Supplied records =>
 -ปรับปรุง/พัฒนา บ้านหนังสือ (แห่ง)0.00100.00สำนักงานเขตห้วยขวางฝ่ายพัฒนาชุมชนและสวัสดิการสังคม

==

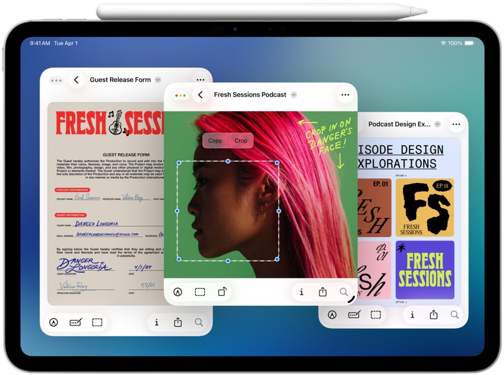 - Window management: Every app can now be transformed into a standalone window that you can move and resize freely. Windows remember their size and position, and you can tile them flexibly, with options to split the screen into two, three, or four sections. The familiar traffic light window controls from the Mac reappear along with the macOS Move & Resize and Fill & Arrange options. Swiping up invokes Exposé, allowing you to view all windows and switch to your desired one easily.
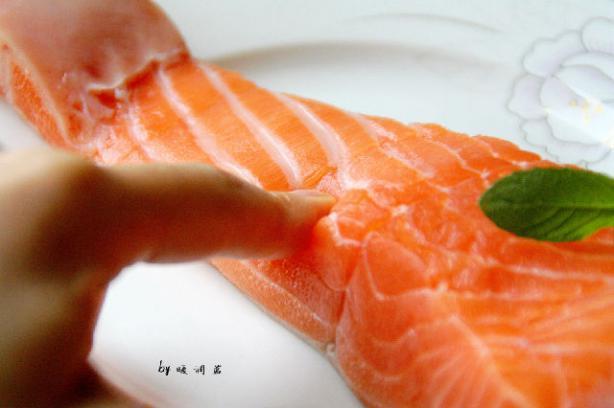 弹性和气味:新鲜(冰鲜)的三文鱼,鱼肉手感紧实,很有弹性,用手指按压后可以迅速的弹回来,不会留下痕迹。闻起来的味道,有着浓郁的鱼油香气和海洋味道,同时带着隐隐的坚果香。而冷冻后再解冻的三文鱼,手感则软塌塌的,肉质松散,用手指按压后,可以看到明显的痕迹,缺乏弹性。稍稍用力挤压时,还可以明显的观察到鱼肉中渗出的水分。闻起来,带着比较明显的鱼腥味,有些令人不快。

Exercise description => Working from the records above, set down word for word everything from the line containing "- Window management: Every" down to the line containing "弹性和气味:新鲜(冰鲜)的三", ends included, minus the pictures.

Result of the exercise =>
 - Window management: Every app can now be transformed into a standalone window that you can move and resize freely. Windows remember their size and position, and you can tile them flexibly, with options to split the screen into two, three, or four sections. The familiar traffic light window controls from the Mac reappear along with the macOS Move & Resize and Fill & Arrange options. Swiping up invokes Exposé, allowing you to view all windows and switch to your desired one easily.
 弹性和气味:新鲜(冰鲜)的三文鱼,鱼肉手感紧实,很有弹性,用手指按压后可以迅速的弹回来,不会留下痕迹。闻起来的味道,有着浓郁的鱼油香气和海洋味道,同时带着隐隐的坚果香。而冷冻后再解冻的三文鱼,手感则软塌塌的,肉质松散,用手指按压后,可以看到明显的痕迹,缺乏弹性。稍稍用力挤压时,还可以明显的观察到鱼肉中渗出的水分。闻起来,带着比较明显的鱼腥味,有些令人不快。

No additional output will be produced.